● EXERCISE: Please print the full listing below exactly, but not the pictures in it.

● DATA EXTRACT:

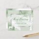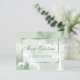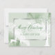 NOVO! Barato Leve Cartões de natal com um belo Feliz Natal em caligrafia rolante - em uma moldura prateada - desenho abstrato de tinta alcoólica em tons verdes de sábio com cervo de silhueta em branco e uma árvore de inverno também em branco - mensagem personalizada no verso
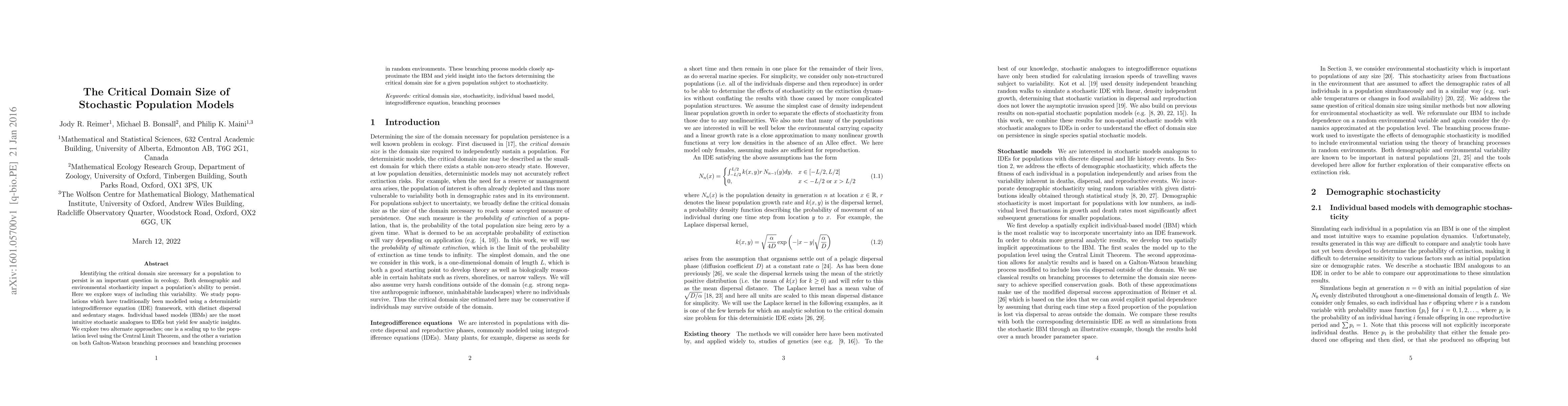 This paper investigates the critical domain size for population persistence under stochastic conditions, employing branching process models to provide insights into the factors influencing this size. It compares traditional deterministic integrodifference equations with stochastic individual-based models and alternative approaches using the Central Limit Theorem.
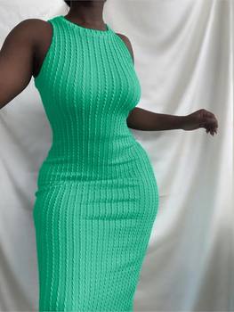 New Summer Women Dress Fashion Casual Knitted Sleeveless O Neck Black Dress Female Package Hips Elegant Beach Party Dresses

● SOLUTION TO THIS PROBLEM:
 NOVO! Barato Leve Cartões de natal com um belo Feliz Natal em caligrafia rolante - em uma moldura prateada - desenho abstrato de tinta alcoólica em tons verdes de sábio com cervo de silhueta em branco e uma árvore de inverno também em branco - mensagem personalizada no verso
 This paper investigates the critical domain size for population persistence under stochastic conditions, employing branching process models to provide insights into the factors influencing this size. It compares traditional deterministic integrodifference equations with stochastic individual-based models and alternative approaches using the Central Limit Theorem.
 New Summer Women Dress Fashion Casual Knitted Sleeveless O Neck Black Dress Female Package Hips Elegant Beach Party Dresses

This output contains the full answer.